February 2rd to February 9th 

Class meeting this week is on zoom on February 2nd from 6:00 to 8:00 or 8:30. 
Discussion boards active from February 2nd through February 16th. Class session runs from 6:00pm on Feb 2nd to 5:59pm Feb 9th.
You should watch Poverty, Politics and Profit and also The River online this week. We may possibly watch one of these together on Zoom.


This page describes what you should do in this third session.    
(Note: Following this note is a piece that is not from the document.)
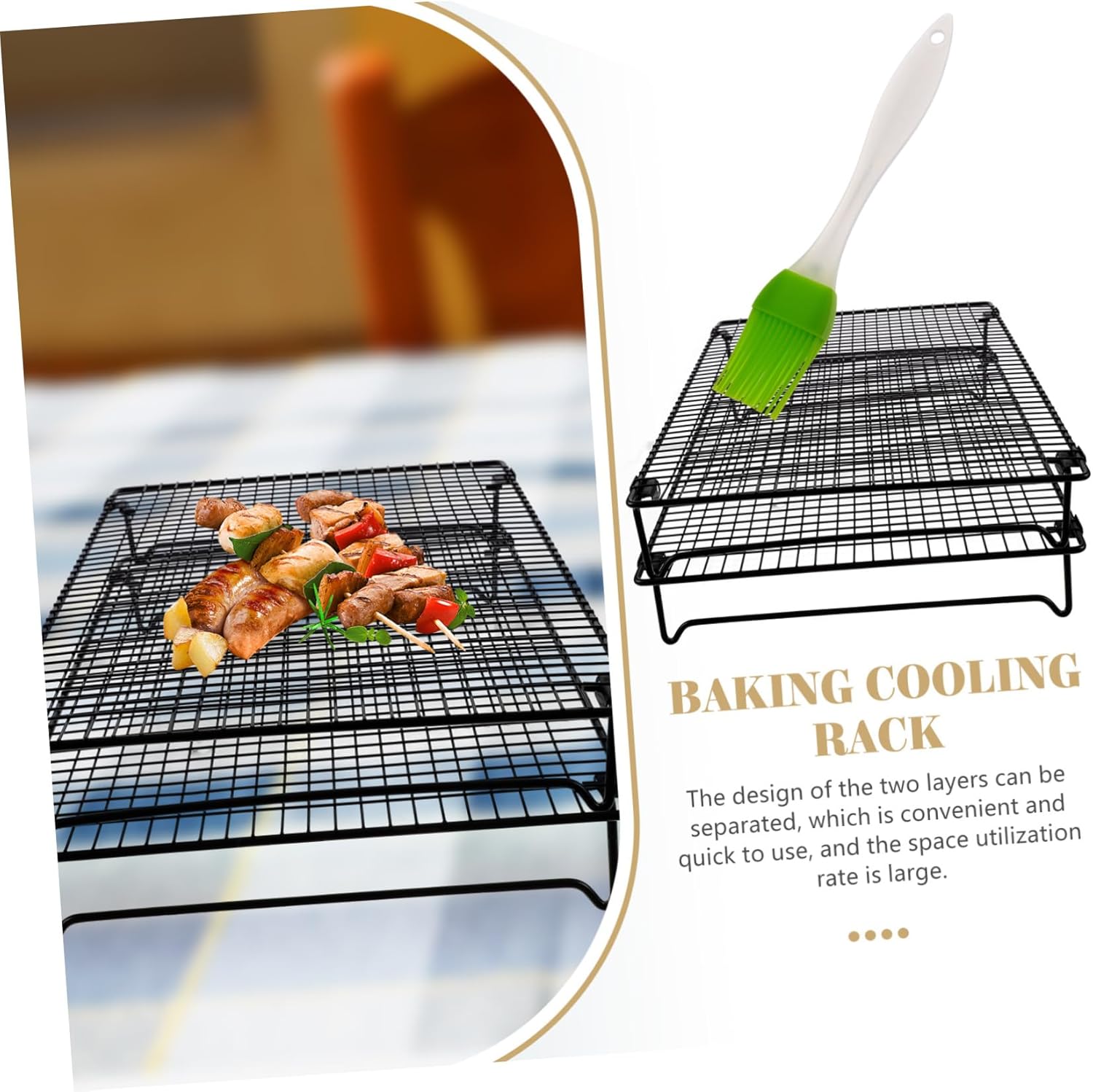 Package Include 1 x Stackable Two-Tier Cooling Rack 1 x Oil Brush Characteristics -Material: Carbon steel cooling tray for baking -Color:Black cooling rack for baking -Size:6.80X6.80X1.00cm/2.67X2.67X0.39in stackable baking rack -The cooling rack made of carbon steel material has delicate joints and all parts are carefully handled cooling rack. -Great for baking, and cooling muffins, cakes, pies, meats, roast chicken, vegetables, and more stackable cooling rack. -Stackable two-layered design, to increase the utilization of space and speed up the cooling efficiency cake baking rack for cooking. -Suitable for home kitchens, restaurants, canteens, and other occasions, and can be stacked for storage when not in use cookie cooling racks. stackable wire baking rack -The surface is designed with a non-stick coating, which is easy to clean and bake cake racks for cooling.Goods Descriptionbaking wire rack Designed with a non-stick coating, easy to clean, and convenient for baking and cooling cakes, pies, meats, roast chicken, and vegetables.wire baking rack Stackable two-tier cooling rack made of has delicate joints and all parts are carefully handled.cooling rack for cookies Suitable for home kitchens, restaurants, canteens, and other occasions

Objectives of this session

  1. Learn a bit about welfare reform.
  2. What are the supposed successes of welfare reform, and what are the claimed failures?
  3. How did people present welfare programs during the 1930s through films to encourage support of government policies? What techniques or images did the government use in documentaries such as The River?
  4. How is there sometimes corruption in the policy that provides tax credits to developers who create low-income housing?
  5. What are some of the difficulties in constructing new low-income housing in wealthier neighborhoods and suburbs?
  6. What are some of the issues with the housing vouchers? What are points in the housing policy that raise concern?
  7. How can some people be so poor that they live on less than $800 per year in cash income? What causes situations like that?
  8. How do we measure poverty in the United States?

Time Budget for 11 hours

3h 30m   Class meeting on Zoom and time spent on discussion boards.

4h 15m   Reading up to page 91 in $2 A Day.
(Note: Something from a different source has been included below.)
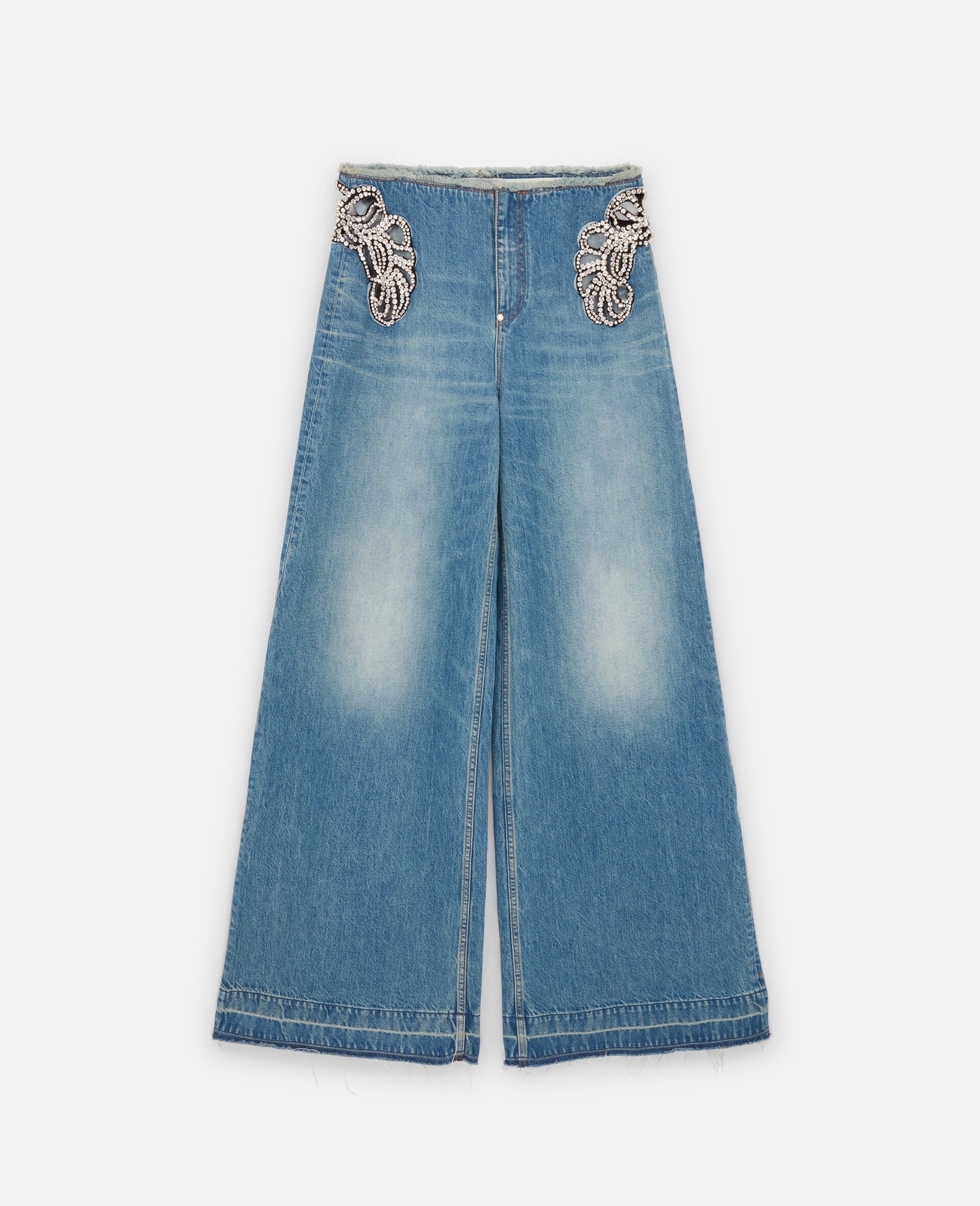 Item 6D03023SPH844052 The iconic Stella cut-out pants from our Summer 2024 runway collection return in these vintage wash jeans from Stella McCartney. Spotlighting a 2000s nostalgia, the organic cotton jeans have diamante Stella swirls at the hips with a frayed waistband and dramatically slouchy, wide legs. - Color: Blue denim - Faded wash blue denim - Mid rise - Belt loops - Wide leg - Two front pockets, two back pockets - Crystal-embellished cut outs at hips - Distressed trims - Concealed zipper fastening - Made in Portugal Product Care & Fit Advice Care: Dry clean only Composition: Main fabric: 100% cotton Size: Fits true to size Designed for a regular fit Midweight, non-stretch fabric

1h 30m   Watching The River and Poverty, Politics and Profit

45m    Finding an article at the $2 A Day website, reading it, taking notes on it, and preparing to discuss it and share it with the class in session 4.

1h    Time to work on your first policy paper. It is not due, but you should not do the whole paper the week it is due, so start work on it this week.

What will happen in the class meeting at the start of this session?

During our meeting in the third session of class, we will discuss:

1) any current events related to social welfare policy or services

2) any examples of ideology we have noticed in internet coments or forums

3) share the blog articles on topics related to economics we found and explain what they claimed

4) identify social justice issues related to economics, or at least disucss how what we learn in Economix might have application in social work practice.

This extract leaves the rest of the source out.